The effect of these provisions for present purposes is as follows. A person who has current leave and applies for a variation (that is to say, extension) of it, has a right of appeal to the First-tier Tribunal under s 82(2)(d) if the application is refused. 1 His existing leave is extended by s 3C of the 1971 Act until his appeal is finally determined; or, if he does not appeal, his leave is extended to the end of the period in which he could, without needing an extension of time, have served a notice of appeal. After the end of the period of extension granted by s 3C, unless an appeal was successful, the leave expires, and the person becomes an overstayer, whose removal can be directed under provisions of s 10(1)(a) of the 1999 Act.
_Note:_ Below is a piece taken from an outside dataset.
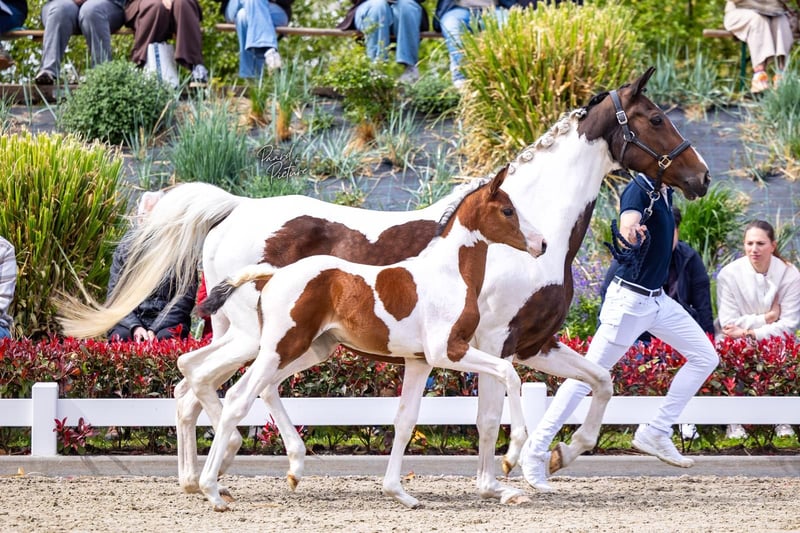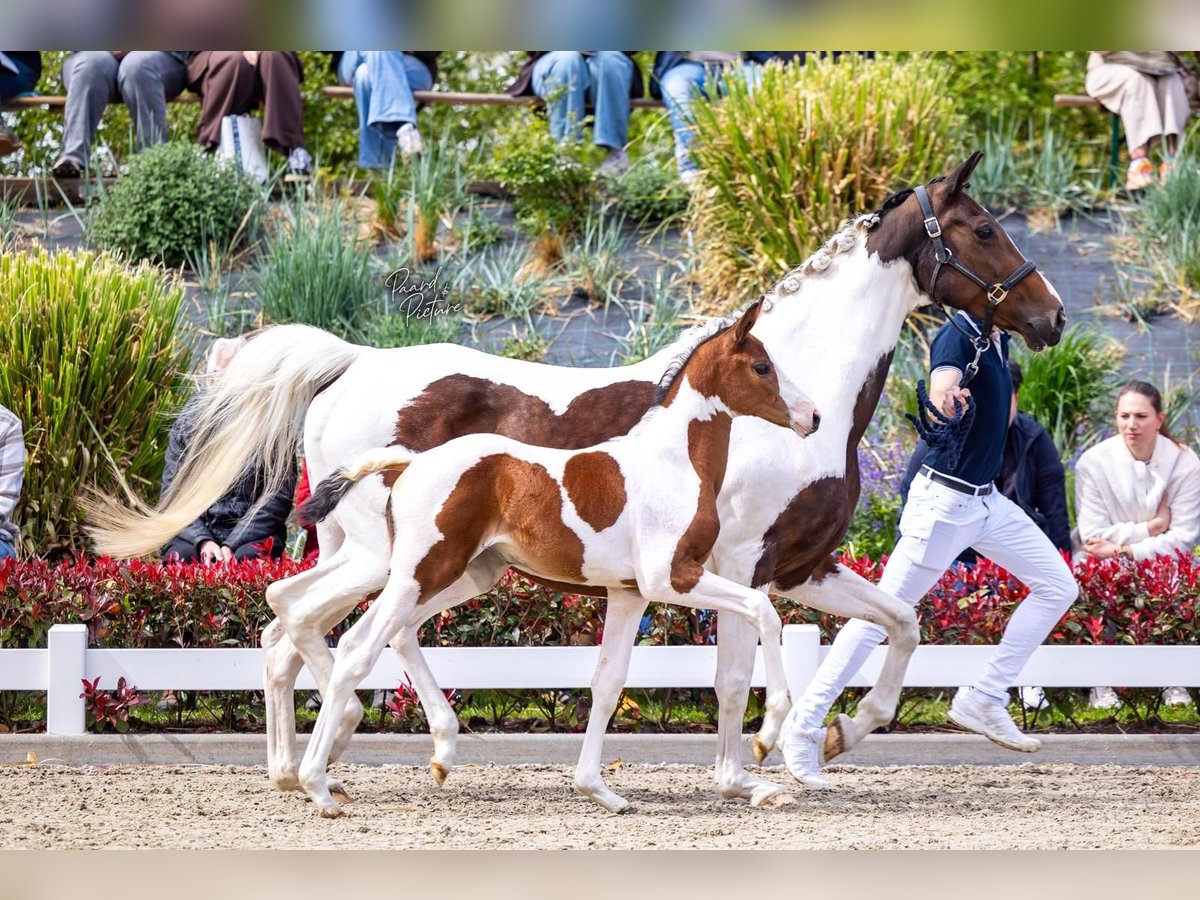 Weekend Love (Desigual x Love For You) Stute, geboren am 16.03.2026 Die Mutter von Weekend Love, „Hora Matutina“, ist eine Zuchtstute des Hengstes Love For You und Weekend Love (Desigual x Love For You). Für uns hat sie einen hohen Stellenwert, da sie die letzte Nachkommin der leistungsstarken Stute Iquita (Rossini x Zilverster) ist, einer Pref-Prestatiemerrie. Zudem ist sie eingeteilt in den Pedigree einer weiteren leistungsstarken Stute aus unserer Linie, nämlich der Leistungsmerrie Louise (Fruhling x Pericless xx). Damit wollen wir die Gene dieser Linie fest verankern. Einige herausragende Nachkommen dieser Linie sind unter anderem der kürzlich vom KWPN und NRPS gut gekörte Hengst Triple Colours (Energy x Henkie), Love For You (ZFDP gekört), der niederländische Meister und Weltmeister Tsambikos (Larino) (KWPN gekört), Samber (Pericless xx), Caramba (Oscar) – ein schwerer Tourenhengst, sowie natürlich der Halbbruder von Weekend Ranger (Kaiman), Finalist bei der VSN und L2-Finale. Der Vater von Weekend Love ist der Premiumhengst Desigual, der, wie es scheint, genau wie sein Vater weiß, was Vererbung bedeutet. Sein beeindruckender Bewegungsmechanismus ist deutlich in „Weekend Love“ sichtbar. Auch Desigual hat dieses Bewegungsmuster exakt von seinem Vater Debutant geerbt, in dessen Blutlinien gleich sechs Grand Prix-Hengste vertreten sind, deren Abstammung man in den Niederlanden kaum findet. Das macht Weekend Love sowohl für den Sport als auch für die Zucht so einzigartig. Weekend Love ist ein einmaliges Fohlen, das wirklich alles mitbringt: einen hervorragend verankerten Bewegungsmechanismus, ein fantastisches Temperament und zudem eine einzigartige Farbe, die sie sicherlich weitergeben wird – mit sieben Generationen Scheckung in der Mutterlinie.
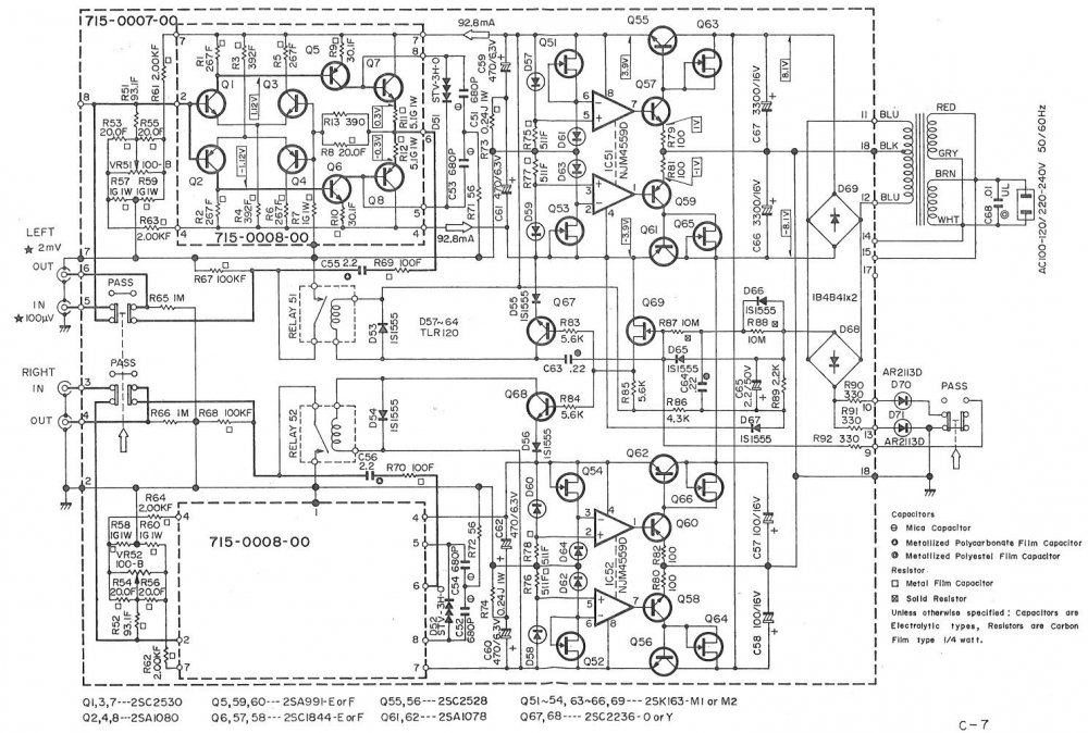 Судя по номиналу, данные конденсаторы не для этой схемы. Для таких малосигнальных устройств существует довольно широкий выбор фольговых конденсаторов. Даже скажу крамолу)), пробовал использовать в LCR коррекции неполярные электролиты BG N 4,7х50, каких-либо противопоказаний обнаружено не было. Совершенно не в пику Вам, но ответ на вопрос "что мы слышим и как это должно звучать" до сих пор никем не сформулирован. Хотя тема, безусловно, интересная и, наверное, достойна отдельного обсуждения.

That decision also carries a right of appeal, under s 82(2)(g). Following the coming into force of s 47 of the 2006 Act, however, the Secretary of State does not have to wait until the person becomes an overstayer, because that section permits a removal decision to be made during the currency of leave. Such a decision also carries a right of appeal under s 82(2)(ha). The existence of separate rights of appeal confirms, if confirmation were needed, that the decisions are separate decisions. Sections 85 and 86 regulate the Tribunal's process in determining appeals.

The story so far
8

In a number of cases, the courts have considered whether, when making a decision that a person's leave is not to be extended, the Secretary of State should also make any relevant decision relating to the person's removal. Before the coming into force of s 47, the answer to that question would appear to be obvious. As the only relevant power to make a removal decision was that in s 10(1)(a), the power could not be exercised during the continuance of leave under s 3C of the 1971 Act, because until the expiry of that leave, the person was not an overstayer. Thus it would appear impossible to make the removal decision at the same time as refusing further leave, because the effect of s 3C is that the person is not an overstayer until the expiry of a period of time which extends beyond the date of the decision on the variation application.

9

For reasons which have never been entirely clear, it was conceded by Counsel for the Secretary of State in the Court of Appeal in TE (Eritrea) v SSHD [2009]...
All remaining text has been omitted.